The singleton wallops her, and Ilena swells with renewed purpose. She resumes her table setting and hums, “Hmm, hmm, good
time, then, we’ll have a good time then.”
Footsteps from behind, then Felix asks, “What’s that you’re singing?”
“‘Cats in the Cradle,’ you know, silver spoon and all that.”
“I don’t think so.”
“Harry Chapin?”
“That’s a new one for me. Is it some kid’s lullaby?”
“Not really.” Is there no Harry Chapin here or is Felix’s musical taste not stuck in the seventies like Ilena’s? “My mom used to play it nonstop. Come to think of it, I remember her singing along to it and realizing it wasn’t really all that nice of a song.”
“I’m sure it’s not what you think. How many lyrics change meaning when you’re older?”
“Hmm, yeah, probably.”
“What a shame they couldn’t come.”
“Short notice.” That and the fact that Ilena never contacted them. She couldn’t bear for her mother to criticize this child
inside of her the way she criticized Ilena’s role at AIM (why not CEO!), her pixie cut (you’re practically bald), and her
husband (if only he were a “real” doctor instead of an anesthesiologist). Though Ilena would have liked to see this version
of her sister.
“Next time.” Felix juts his chin to the set table. “And we’ve got our extended fam, right here. I’ll get on the steak.”
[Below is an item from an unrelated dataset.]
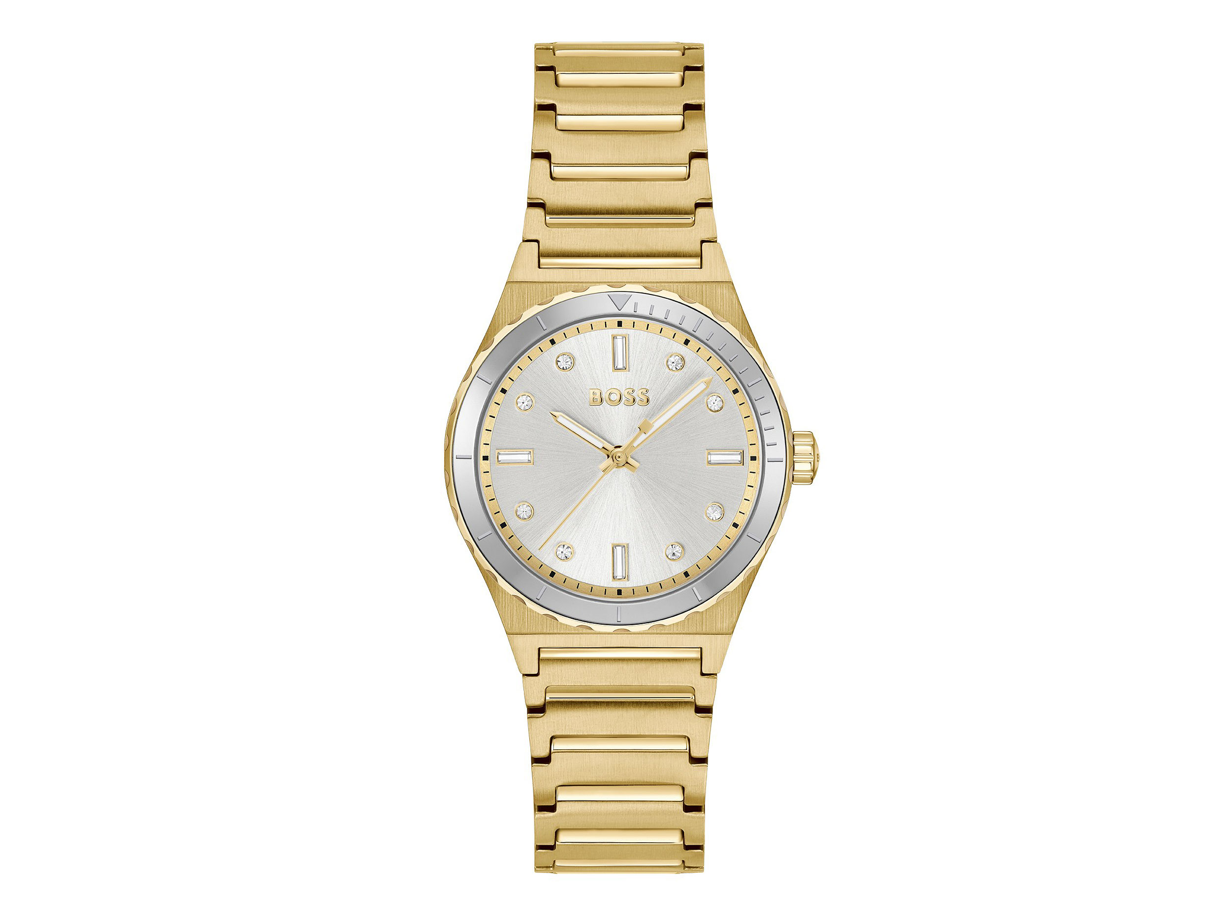 Γυναικείο επίχρυσο ρολόι Boss Candor Sport (1502789). Εντυπωσιακό ρολόι με δίχρωμο πλαίσιο και μπρασελέ από επιχρυσωμένο ανοξείδωτο ατσάλι. Έχει υπέροχο ασημί καντράν και κοσμείται με λευκές πέτρες.

Ilena pushes aside the thoughts of her family. “So glad I married a chef disguised as a lawyer. When there’s no lobster for
the risotto, he pivots just like that.” She snaps her fingers before reaching for the wineglasses in the rack above the buffet.
He helps her by sliding the glasses forward, the ones the singleton prevents her from reaching. “I told you it’d all work
out. Unorthodox, maybe, but we got this.”
“That we do.” She smiles broadly. “I’m even thinking an AIM spin-off? Gender-reveal, engagement, retirement, you name it.
Parties in an instant?”
“Might as well be your middle name.”
She laughs, but Felix doesn’t seem to be joking. He returns to the kitchen, and she rubs her stomach. Practical, responsible,
that’s who Ilena is. And yet she’d once made out with Jonah in the sculptured bronze lap of the John Harvard statue—after scouring the yard for campus police, but still, she’d done it.
She’d said yes to the dunk tank at the second AIM outing, and it was legal—Felix—who’d nixed it, which she highly suspected would happen, but no one needed to know that.
And she’d handed Mallory that roll of duct tape.
But that wasn’t because she thought it’d be fun or even for the bigger dorm room, though that was a bonus.
It was because even then, Ilena knew how much they each needed the other to become the women they were destined to be.
This is who Ilena was destined to become, she’s sure of it.